二0一一年將成為世界歷史中非常重要的一年,北非幾個國家成功推翻獨裁政府,中東民眾亦展現實力,步步進逼獨裁政府,而發動九一一攻擊的凱達組織領袖賓拉登(Osama bin Laden)遭到美國特種部隊擊斃,這些事件加總起來,讓西方社會歡欣鼓舞,認為中東世界將朝民主之路邁進,套用Thomas Friedman的話來說:「我們做了該做的事,用子彈(bullet)殺了賓拉登;現在阿拉伯與回教世界有機會做他們的事,用選票(ballot)消滅賓拉登主義(Bin Ladenism)。」
賓拉登的死與茉莉花革命們將改寫中東面貌嗎?樂觀的人覺得賓拉登的死,將為中東帶來民主與世俗的政治和經濟繁榮;悲觀的人認為,即便頭號通緝要犯被殲滅,仍有千千萬萬個恐怖份子前仆後繼。在以賓拉登為首各地的恐怖組織已經成功「在地化」之後,各國的組織不需要以賓拉登的凱達組織為中心,也能夠獨立靈活地從事攻擊行動。

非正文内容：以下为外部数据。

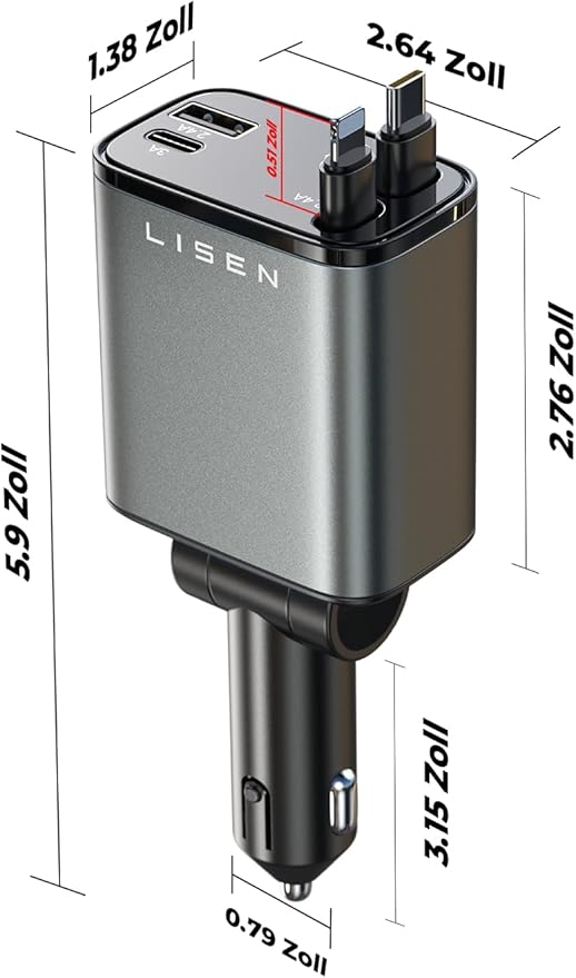 ANPULES Dual Coils Schnelles Kabelloses Autoladegerät, Sart Qi... Es verbindet sich mit 12 V bis 24 V Gleichstrom-Steckdosen und ist somit für die meisten Autos und LKWs geeignet Dieses einziehbare Autoladegerät USB C enthält eine 15A-Sicherung, um Überladung und Überhitzung zu verhindern, um ein sicheres, schnelles Laden zu gewährleisten Die robuste Konstruktion macht dieses USB C Autoladegerät für den täglichen Gebrauch geeignet. Robust und langlebig: Das Kabel ist widerstandsfähig gegen Beschädigungen und Brüche und korrodiert oder oxidiert nicht, sodass es immer wie neu aussieht. Es ist ein ideales Autoladegerät für lange Reisen und passt zu jedem Fahrzeugzubehör 【Stecker einstellen】Verwenden Sie die 180-Grad-Schwenkfunktion, um eine stabile Verbindung zu gewährleisten, auch wenn die Straße holprig wird. Zuverlässige Spannungsüberwachung: Ein eingebauter Spannungsmonitor zeigt Echtzeit-Ladeausgang für eine sichere und effiziente Stromversorgung. Merkmale: Schnelles Laden: Mit Power Delivery 30 W und Quick Charge 3.0 laden Sie Ihre Geräte blitzschnell auf. Ziehen Sie das Kabel nach dem Gebrauch zurück: Ziehen Sie nach dem Aufladen vorsichtig an der Schnur, um es einzuziehen, damit Ihr Autoinnenraum für die nächste Reise ordentlich und organisiert bleibt. 12v Usb Adapter Auto Einziehbares Auto Ladegerät 100W, 4 In 1 Zigarettenanzünder USB Auto Ladegerät Mit IPhone & Typ Ladegerät Zigarettenanzünder Das einziehbare Typ-C-Kabel erstreckt sich bis zu 1,2 m, reduziert Kabelsalat und hält Ihren Autoinnenraum organisiert. Nano Kfz-Ladegerät (75W, USB-C Port, Integriertes Dieses kompakte Ladegerät liefert bis zu 75 W über seinen USB C Port und lädt Ihr iPhone oder andere Geräte besonders schnell. Über das eingebaute, einziehbare 45W Kabel können Sie sogar ein Notebook versorgen, während der zusätzliche 30W USB C Port ein Tablet oder iPhone parallel lädt Flexibler 180-Grad-Ladestecker: Dieses USB-C-Autoladegerät verfügt über einen um 180 Grad drehbaren Stecker, der eine stabile Verbindung auch auf rauen Straßen gewährleistet. Perfekter Partner für Reisen: Entwickelt, um 2 einziehbare Schnüre zu sein, 50% länger als andere 4-in-1 einziehbare Autoladegeräte, ist das FLEXINO Auto USB-Ladegerät kompakt und leicht zu tragen, wodurch es ideal für Reisen ist. Bestellen Sie jetzt und erleben Sie die Vorteile eines zuverlässigen und leistungsstarken Ladekabels in der gewünschten Menge. 【Ausziehbares Kabel verlängern】Ziehen Sie das 45-W-Typ-C-Kabel nach Bedarf heraus, bis zu 1,2 m, für flexibles Laden. Gebrauchsanweisung: 【Plug into Power Source】Stecken Sie das Ladegerät in die Zigarettenanzünderbuchse Ihres Autos, kompatibel mit 12 V bis 24 V DC Steckdosen. Es funktioniert als Handy-Ladegerät für das Auto, unterstützt schnelles Aufladen für Ihr iPhone 16, Samsung und andere Geräte

在美國進攻伊拉克前後,Abu Musab al-Zarqawi就成功地在伊拉克建立起凱達組織的分支,在伊拉克境內攻擊美軍,裂解境內什葉派與遜尼派的團結,此種裂解回教團結作法遭到凱達組織的批評。然而,扎卡維能夠不顧批評,堅持這個路線的主因之一在於,他的組織能夠獨立運作,不需要依靠賓拉登和凱達組織。在美軍於二00一年進攻阿富汗之後,賓拉登和凱達組織雖然元氣大傷,但許多組織內成員紛紛進入有興風作浪條件的國家,用賓拉登的國際觀點吸引當地人民,將思想訓練與攻擊模式在地化,賓拉登本人不再重要,宣揚賓拉登的理念才是重點。
因此Friedman說的對,對世界構成威脅的不是賓拉登,而是「賓拉登主義」(Bin Ladenism),這個思想的散播讓一群人堅信,這個世界應該要由回教極端教義為本,並要透過恐怖攻擊行動來達成這項目標。這群人不僅想消滅西方價值,他們也與部分中東回教國家為敵,在他們眼中,沙烏地阿拉伯國家過去禁止「女人開車」是不夠的,女人根本不應該出門。除了西方政府之外,受到西方自由開放風氣影響的中東皇室與政府,都是他們積極剷除的目標。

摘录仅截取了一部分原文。